## AIM OF THE TASK
Repeat each entry exactly and drop the pictures.

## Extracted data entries
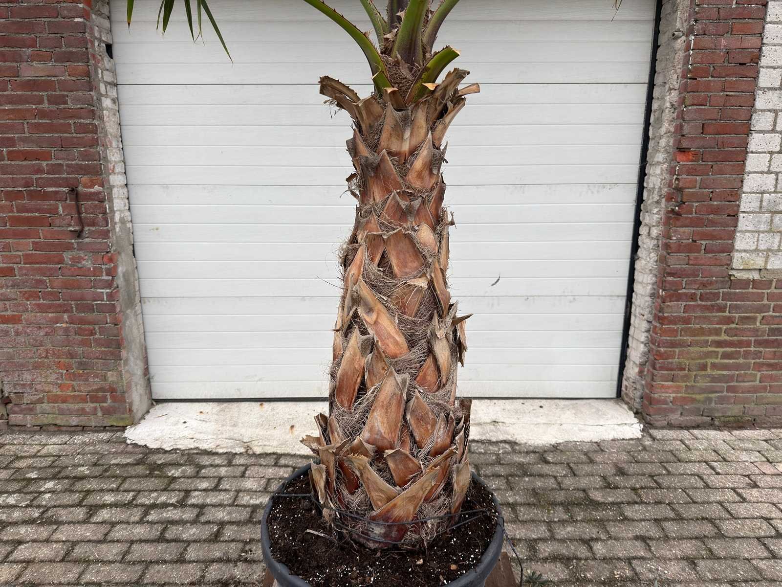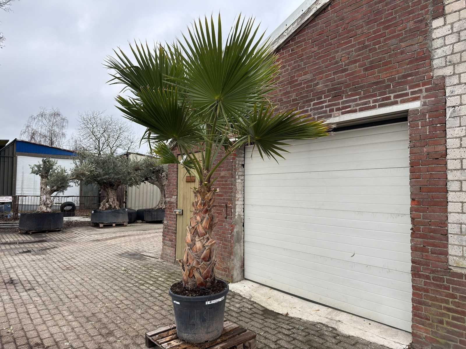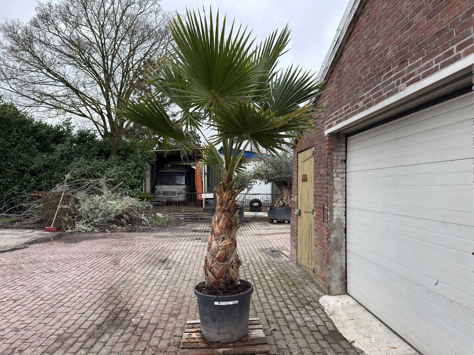 Type: Mexicaanse Waaierpalm Latijnse benaming: Washingtonia Robusta Hoogte ca.: 280cm In pot: true Diameter ca.: 300cm Stamdikte: 100cm Leeftijd: 200 Eigen gewicht: 2000
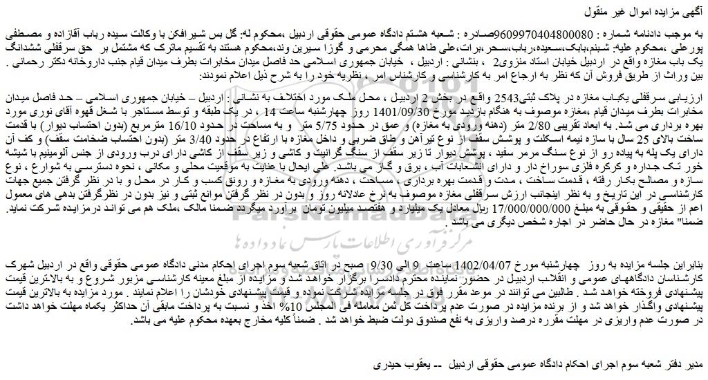 8 مزایده ملک 9810688 1404/08/15 new not special not payed اردبیل
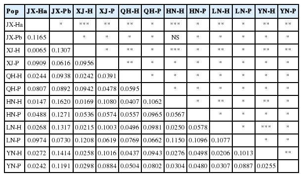 The pairwise Fst in the 12 populations ranged from 0.0065 to 0.1620, with a global value of 0.0567. The greatest genetic variation was observed in the populations HN-H and JX-P, whereas the least differentiation was in XJ-H and JX-H. The Fst in human
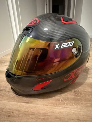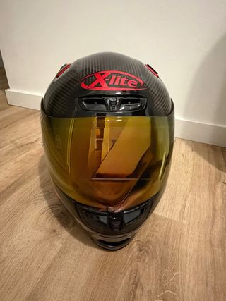 Casco de moto integral con acabado en fibra de carbono y visera dorada. - Diseño deportivo y aerodinámico. - Marca X-lite. - Material: Fibra de carbono. - Incluidos en el precio los accesorios de la foto. - Como nuevo.
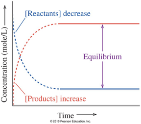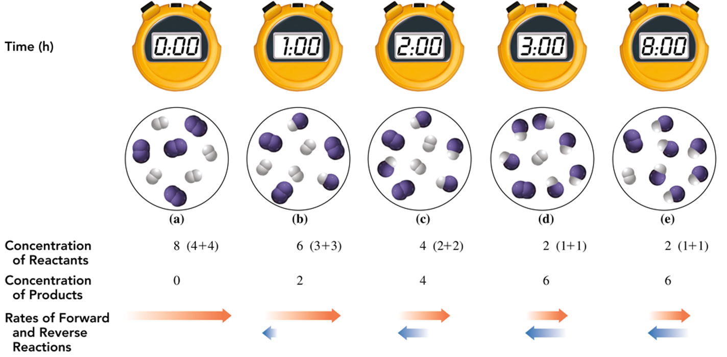 Reaction progression from initial state to equilibrium, with concentration changes over time.
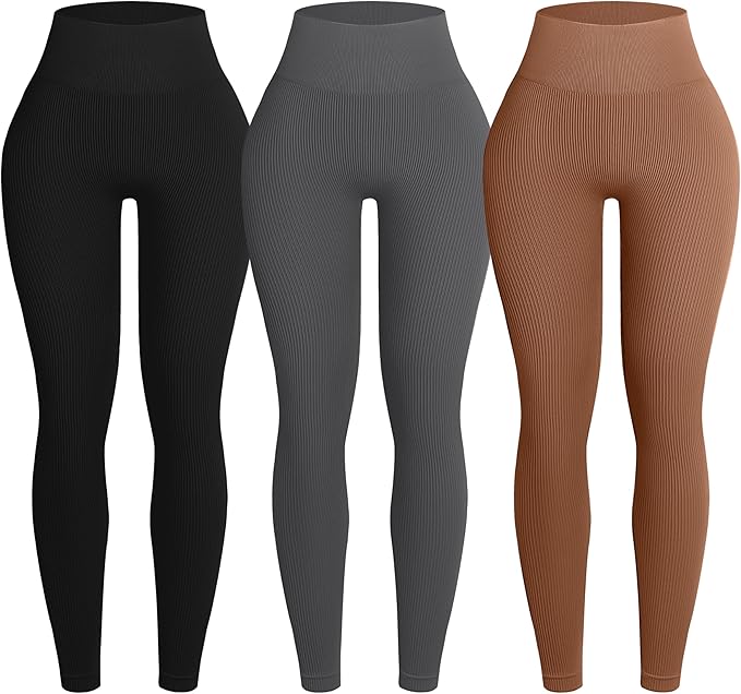 3 Piece Ribbed Seamless Leggings for Women High Waist Workout Gym Athletic Yoga Pants
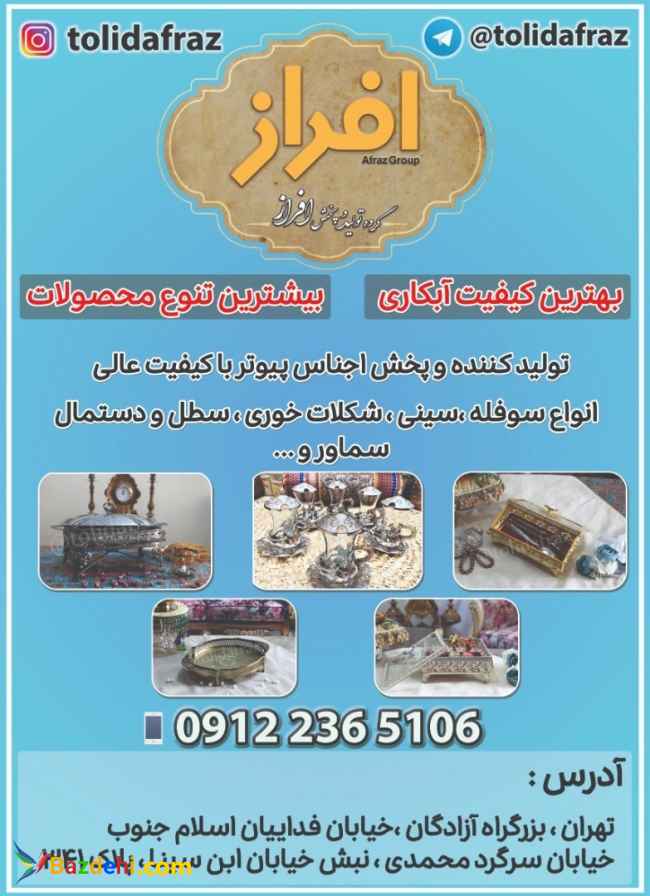 تولیدوپخش افراز بزرگترین تولید کننده وپخش ظروف درجه یک پیوتر با کیفیت عالی وبیشترین تنوع با بالاترین کیفیت آبکاری وعرضه برندهای معتبر بازار باقیمتی فوق العاده درخدمت اصناف وتمام فروشگاهای پخش میباشد.
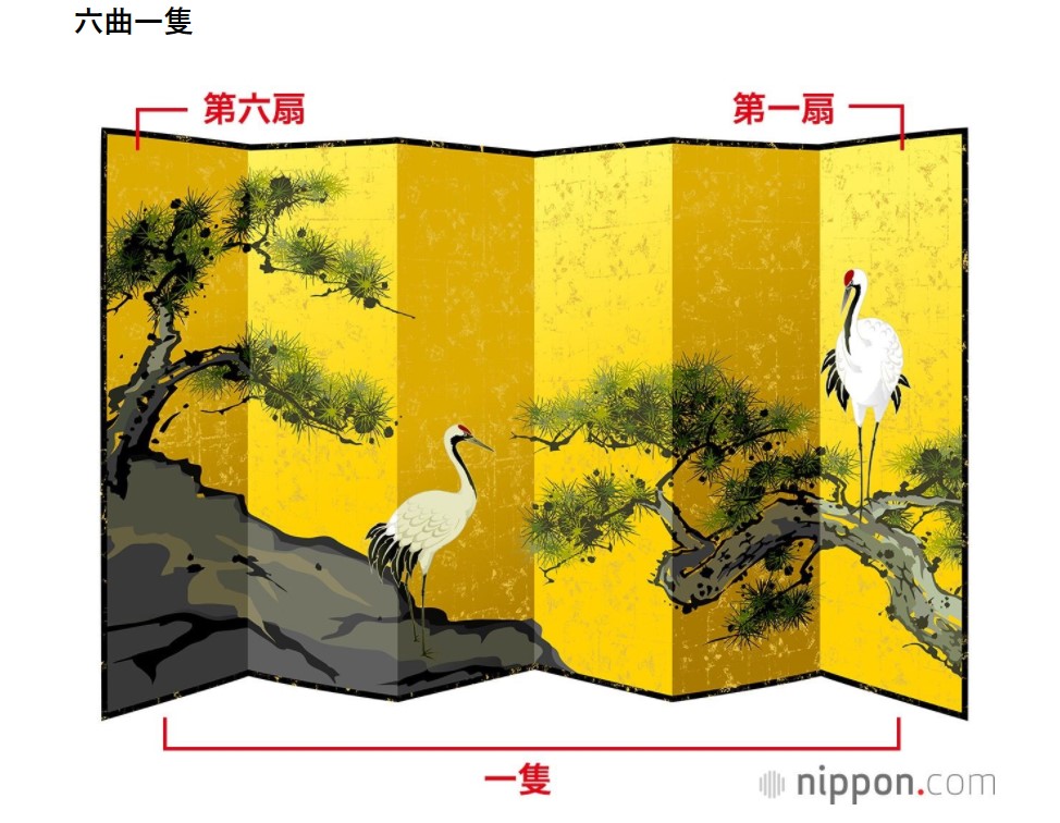 屏風を数える単位は「隻(せき)」。ちなみに「隻」は単数を示す助詞で、「隻眼の武将・伊達政宗」のように、「本来は対であったものの片側」を指す言葉。
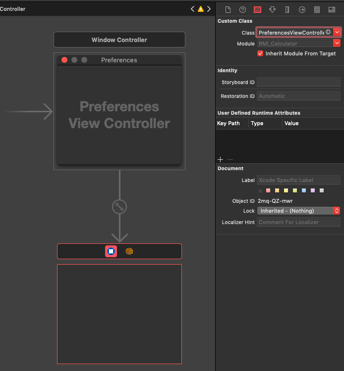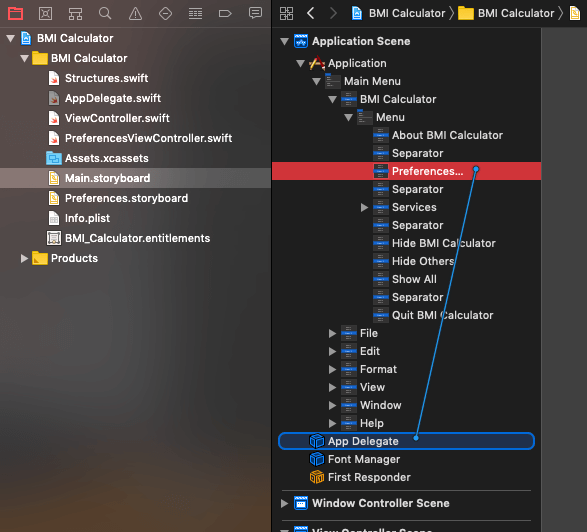 Make sure that the Document Outline is visible, and go to the Application Scene. Start expanding items until you see the Preferences… menu item being listed in the outline (alternatively, click to open BMI Calculator menu in the canvas). Once you spot it, select it and Ctrl + Drag to the App Delegate object down to the Application Scene tree.
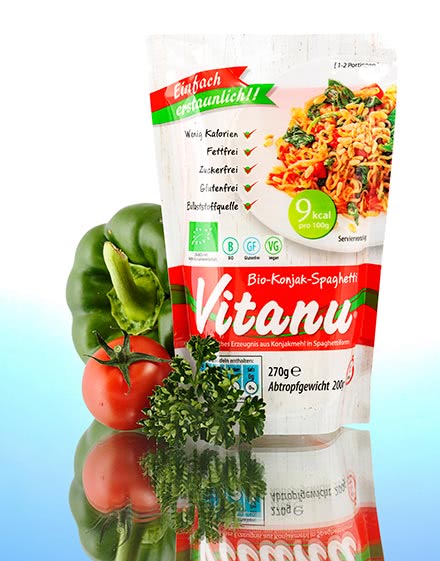 Vitanu Konjak Nudeln werden ebenso wie Konjak Reis aus der pflanzlichen Faser der japanischen Konjak-Wurzel hergestellt. Deren Ballaststoff ist einzigartig und wird schon seit mehr als hundert Jahren in japanischen Küchen verwendet. Konjak Nudeln enthalten nur 9 kcal pro 100 g, der Reis sogar nur 7 kcal pro 100 g. Vitanu Nudeln und Vitanu Reis sind geschmacksneutral, nehmen jedoch den Geschmack der Sauce, des Gemüses oder der Kräuter auf, die hinzugefügt werden. Auf diese Art können Sie - auch ohne strenge Diät - ganz einfach Kalorien einsparen. Sie müssen dazu einfach nur die herkömmlichen Nudel- und Reisprodukte durch Vitanu Konjak Nudeln oder Vitanu Konjak Reis ersetzen.
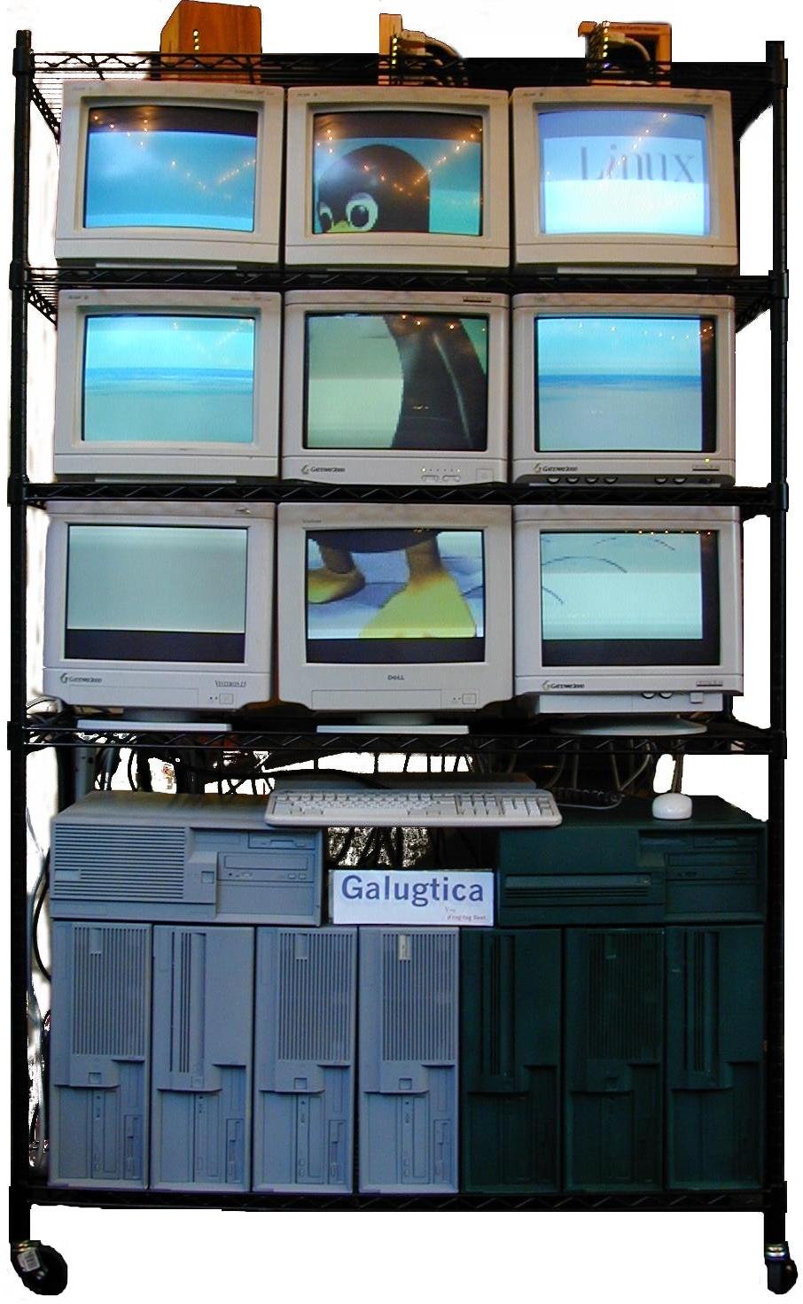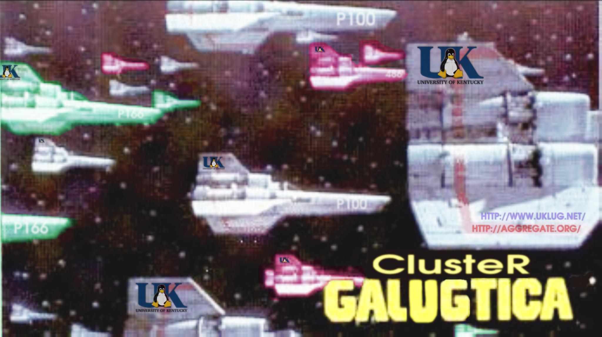 Galugtica has been constructed by the University of Kentucky Linux Users Group (UKLUG) as a demonstration and development cluster. Made of old PCs obtained from UK surplus for free (not unlike the Stone Soupercomputer), it is not very powerful... but it is a complete cluster configured with ethernet, PAPERS custom aggregate function network hardware, and even an array of monitors. Although there are over 30 machines dedicated to Galugtica, it is currently configured as a 9-PC computational video wall:
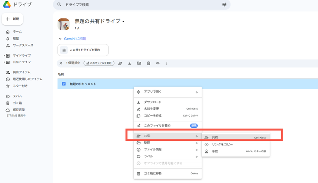 - 制限したいファイルまたはフォルダをGoogle ドライブ上で右クリックします。
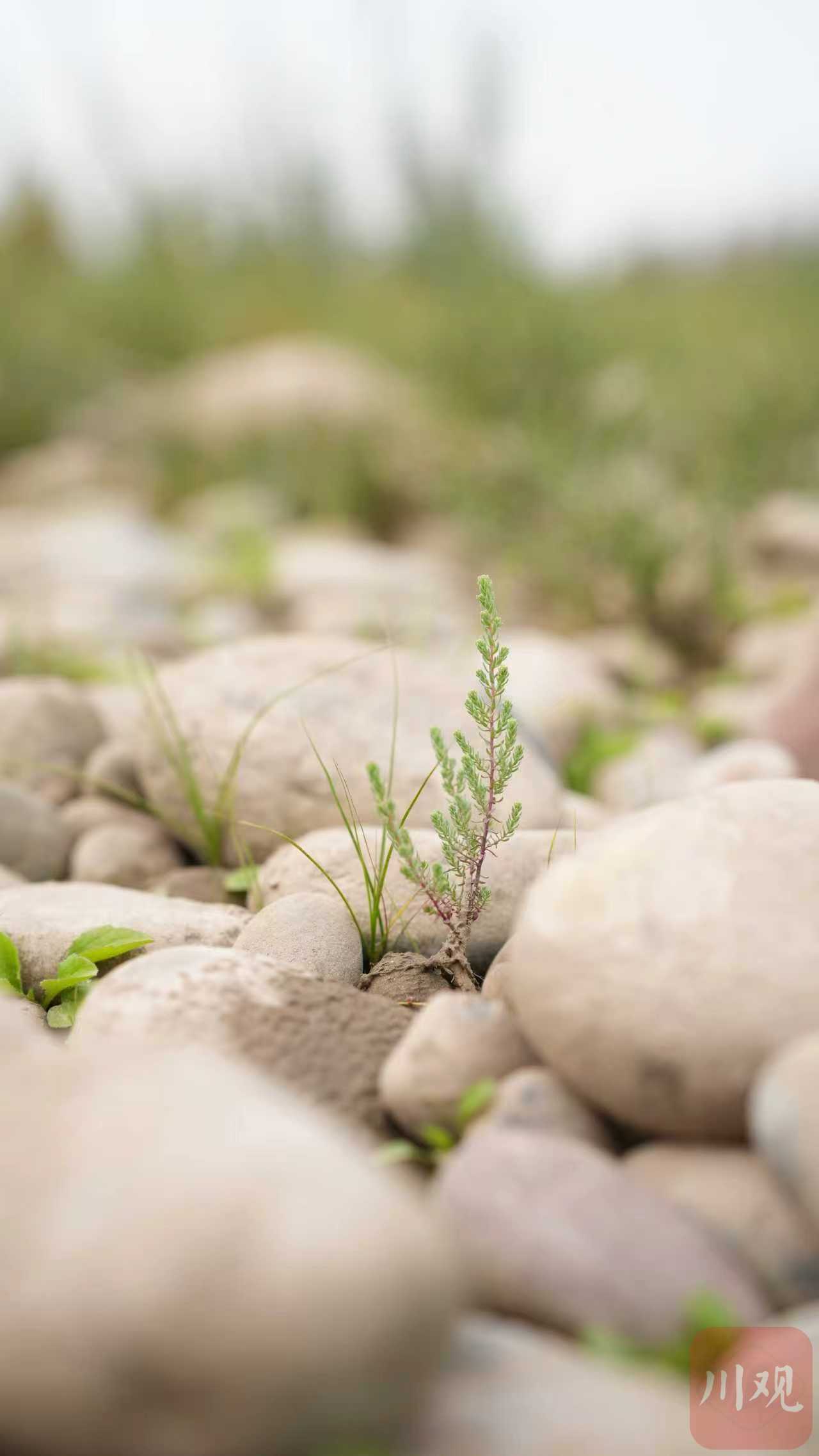“现在这片区域已经看不到放牧了,小苗才能长得这么好。”周涛指着一片新生的紫红色苗丛说,“江水退后,它的种子像蒲公英一样飘到这里,在石缝中扎根发芽。现在一平方米能长出十几株新苗,说明它们已经适应了现在的环境。照这个趋势,两年后这里就能绿成一片。”
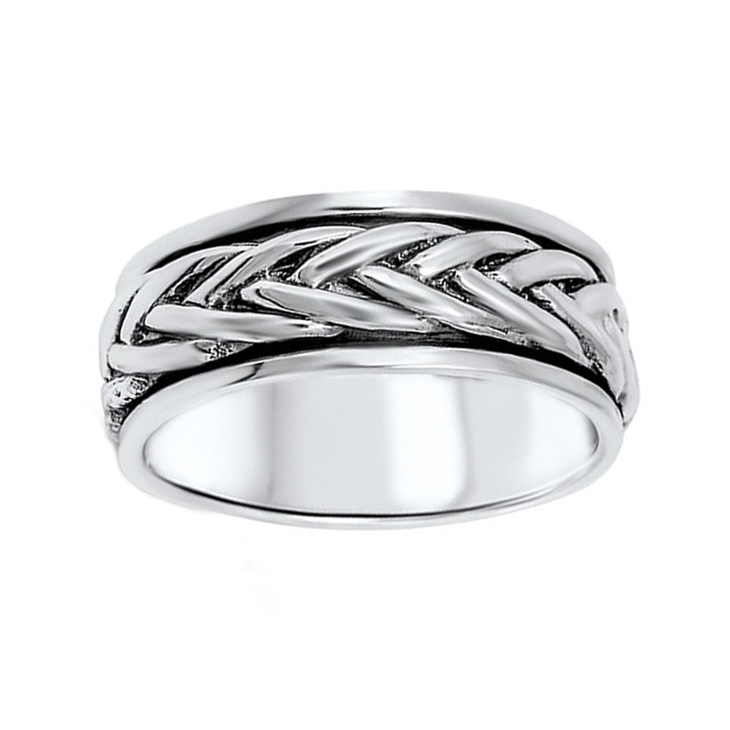 Braid Spinner Wedding Ring for Men in Sterling Silver

## WRITTEN ANSWER
 Type: Mexicaanse Waaierpalm Latijnse benaming: Washingtonia Robusta Hoogte ca.: 280cm In pot: true Diameter ca.: 300cm Stamdikte: 100cm Leeftijd: 200 Eigen gewicht: 2000
 8 مزایده ملک 9810688 1404/08/15 new not special not payed اردبیل
 The pairwise Fst in the 12 populations ranged from 0.0065 to 0.1620, with a global value of 0.0567. The greatest genetic variation was observed in the populations HN-H and JX-P, whereas the least differentiation was in XJ-H and JX-H. The Fst in human
 Casco de moto integral con acabado en fibra de carbono y visera dorada. - Diseño deportivo y aerodinámico. - Marca X-lite. - Material: Fibra de carbono. - Incluidos en el precio los accesorios de la foto. - Como nuevo.
 Reaction progression from initial state to equilibrium, with concentration changes over time.
 3 Piece Ribbed Seamless Leggings for Women High Waist Workout Gym Athletic Yoga Pants
 تولیدوپخش افراز بزرگترین تولید کننده وپخش ظروف درجه یک پیوتر با کیفیت عالی وبیشترین تنوع با بالاترین کیفیت آبکاری وعرضه برندهای معتبر بازار باقیمتی فوق العاده درخدمت اصناف وتمام فروشگاهای پخش میباشد.
 屏風を数える単位は「隻(せき)」。ちなみに「隻」は単数を示す助詞で、「隻眼の武将・伊達政宗」のように、「本来は対であったものの片側」を指す言葉。
 Make sure that the Document Outline is visible, and go to the Application Scene. Start expanding items until you see the Preferences… menu item being listed in the outline (alternatively, click to open BMI Calculator menu in the canvas). Once you spot it, select it and Ctrl + Drag to the App Delegate object down to the Application Scene tree.
 Vitanu Konjak Nudeln werden ebenso wie Konjak Reis aus der pflanzlichen Faser der japanischen Konjak-Wurzel hergestellt. Deren Ballaststoff ist einzigartig und wird schon seit mehr als hundert Jahren in japanischen Küchen verwendet. Konjak Nudeln enthalten nur 9 kcal pro 100 g, der Reis sogar nur 7 kcal pro 100 g. Vitanu Nudeln und Vitanu Reis sind geschmacksneutral, nehmen jedoch den Geschmack der Sauce, des Gemüses oder der Kräuter auf, die hinzugefügt werden. Auf diese Art können Sie - auch ohne strenge Diät - ganz einfach Kalorien einsparen. Sie müssen dazu einfach nur die herkömmlichen Nudel- und Reisprodukte durch Vitanu Konjak Nudeln oder Vitanu Konjak Reis ersetzen.
 Galugtica has been constructed by the University of Kentucky Linux Users Group (UKLUG) as a demonstration and development cluster. Made of old PCs obtained from UK surplus for free (not unlike the Stone Soupercomputer), it is not very powerful... but it is a complete cluster configured with ethernet, PAPERS custom aggregate function network hardware, and even an array of monitors. Although there are over 30 machines dedicated to Galugtica, it is currently configured as a 9-PC computational video wall:
 - 制限したいファイルまたはフォルダをGoogle ドライブ上で右クリックします。
“现在这片区域已经看不到放牧了,小苗才能长得这么好。”周涛指着一片新生的紫红色苗丛说,“江水退后,它的种子像蒲公英一样飘到这里,在石缝中扎根发芽。现在一平方米能长出十几株新苗,说明它们已经适应了现在的环境。照这个趋势,两年后这里就能绿成一片。”
 Braid Spinner Wedding Ring for Men in Sterling Silver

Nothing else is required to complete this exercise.